As you can see, the t.test function produces the same results we computed manually above, the only difference being that the t-scores are negated. That is simply due to the order in which one sample is subtracted from another, which doesn't really matter if you're conducting a two-tailed test and therefore only care about the absolute value of the difference between samples.

Recap

A random variable is described by the characteristics of its distribution
The expected value, E[X], of a distribution is the weighted average of all outcomes. It's the center of mass of the distribution.
The variance, Var(X), is the "measure of spread" of a distribution.

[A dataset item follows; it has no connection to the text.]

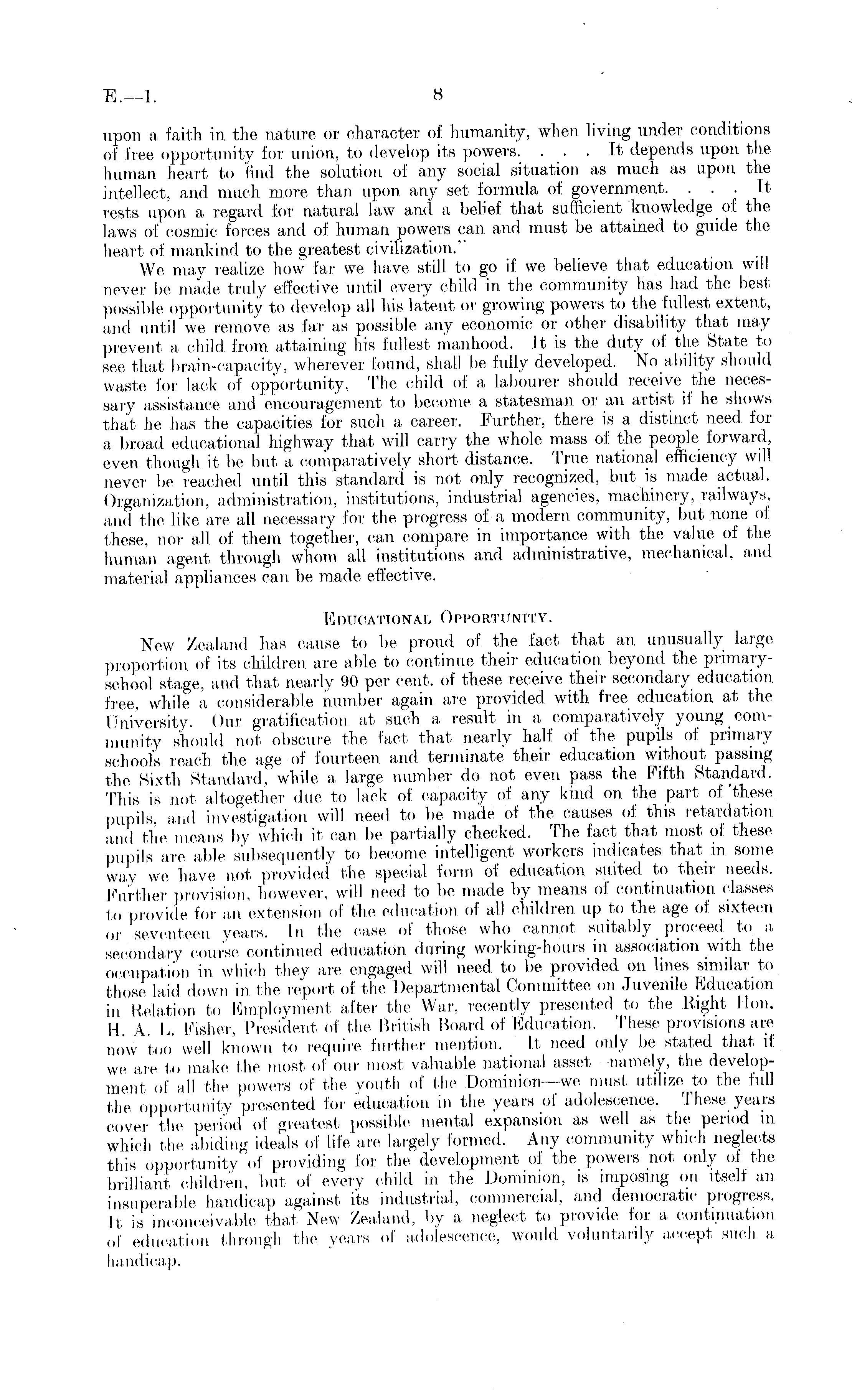 upon a faith in the nature or character of humanity, when living under conditions of free opportunity for union, to develop its powers. ... Ft depends upon the human heart to find the solution of any social situation as much as upon the intellect, and much more than upon any set formula of government. . . . It rests upon a regard for natural law and a belief that sufficient knowledge of the laws of cosmic forces and of human powers can and must be attained to guide the heart of mankind to the greatest civilization.'' We may realize how far we have still to go if we believe that education will never be made truly effective until every child in the community has had the best possible opportunity to develop all his latent or growing powers to the fullest extent, and until we remove as far as possible any economic or other disability that may prevent a, child from attaining his fullest manhood. It is the duty of the State to see that brain-capacity, wherever found, shall be fully developed. No ability should waste for lack of opportunity. The child of a, labourer should receive the necessary assistance and encouragement to become a statesman or an artist if he shows that he has the capacities for such a career. Further, there is a distinct need for a broad educational highway that will carry the whole mass of the people forward, even though it be but a comparatively short distance. True national efficiency will never be reached until this standard is not only recognized, but is made actual. Organization, administration, institutions, industrial agencies, machinery, railways, and the like are all necessary for the, progress of a modern community, but none ol these, nor all of them together, can compare in importance with the value of the human agent through whom all institutions and administrative, mechanical, and material appliances can be made effective. Educational Opportunity-. New Zealand has cause to be proud, of the fact that an. unusually large proportion, of its children are able to continue their education beyond the primaryschool stage, and that nearly 90 per cent, of these receive their secondary education free, while a considerable number again are provided with free education at the University. Our gratification at such a result in a, comparatively young community should not obscure the fact that nearly half of the pupils of primary schools reach the age of fourteen and terminate their education without passing the Sixth Standard, while a large number do not even pass the Fifth Standard. This is not altogether due to lack of capacity of any kind on the part of these. pupils and investigation will need to be made of the causes of this retardation and the means by which it can be partially checked. The fact that most of these pupils are able subsequently to become intelligent workers indicates that in some way we have not provided the special form of education suited to their needs. Further provision, however, will need to be made by means ol continuation classes to provide for an extension of the education of all children up to the age of sixteen or seventeen years. In the case of those, who cannot suitably proceed to a secondary course continued education during working-hours in association with the occupation in which they are engaged will need to be provided on lines similar lo those laid down in the report of the Departmental Committee on Juvenile Education in Relation to Employment after the War, recently presented to the Right Hon. H A L. Fisher. President of the British Hoard of Education. These provisions are now too well known to require further mention. It need only be stated that if we are to make the most of our most valuable national asset namely, the development of all the powers of the youth of the Dominion—we must utilize to the lull the opportunity presented for education in the years of adolescence. These years cover the period of greatest possible mental expansion as well as the period in which the abiding ideals of life are largely formed. Any community which neglects this opportunity of providing for the development of the powers not only of the brilliant children, but of every child in the Dominion, is imposing on itself an insuperable handicap against its industrial, commercial, and democratic progress. ||, is inconceivable that New Zealand, by a neglect to provide lor a continuation of education through the years of adolescence, would voluntarily accept such a handicap.

The standard deviation of a distribution is the square root of its variance
A probability density function for continuous random variables takes an outcome value as input and returns the probability density for the given outcome
The probability of observing an outcome within a given range can be determined by computing the area under the curve of the probability density function within the given range.
A probability mass function for discrete random variables takes an outcome value as input and returns the actual probability for the given outcome
A sample is a subset of a population. Statistical methods and principles are applied to the sample's distribution in order to make inferences about the true distribution -- i.e. the distribution across the population as a whole
The sample variance is a biased estimate of the true population variance. The bias can be adjusted for by dividing the sum of squared diffs by n-1 instead of n, where n is the sample size.

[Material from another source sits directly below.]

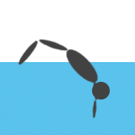 (2)おもいっきり後ろへジャンプ ・手をバンザイするように動かしながら後ろへジャンプします。 ・あごを上げて身体を反らせて。 ・足が開かないようにそろえて。 ・ジャンプの後、背中からバシャッと落ちないように、波に乗るような感じでスーッと滑らかに。 |

A summary statistic is a value that summarizes sample data, e.g. the mean or the variance
A sampling distribution is the distribution of a summary statistic (e.g. the mean) calculated from multiple samples drawn from an underlying random variable distribution
The Central Limit Theorem states that, regardless of the underlying distribution, the sampling distribution of the mean is normally distributed, with its mean equal to the underlying population mean and its variance equal to the underlying population variance divided by the sample size
An outcome's z-score is calculated by taking the difference between the outcome and the mean, then dividing by the standard deviation. A z-score is in units of standard deviations.
A statistical significance test gives the probability of observing a given outcome under the assumption of a null hypothesis. The probability is known as the p-value for the test. A p-value <= 0.05 is typically considered significant.
The t-distribution is used for statistical significance tests when the sample size is small and/or when the true population variance is unknown and therefore estimated from the sample.
The sampling distribution of the variance follows a scaled chi-squared distribution with degrees of freedom equal to n-1, where n is the sample size.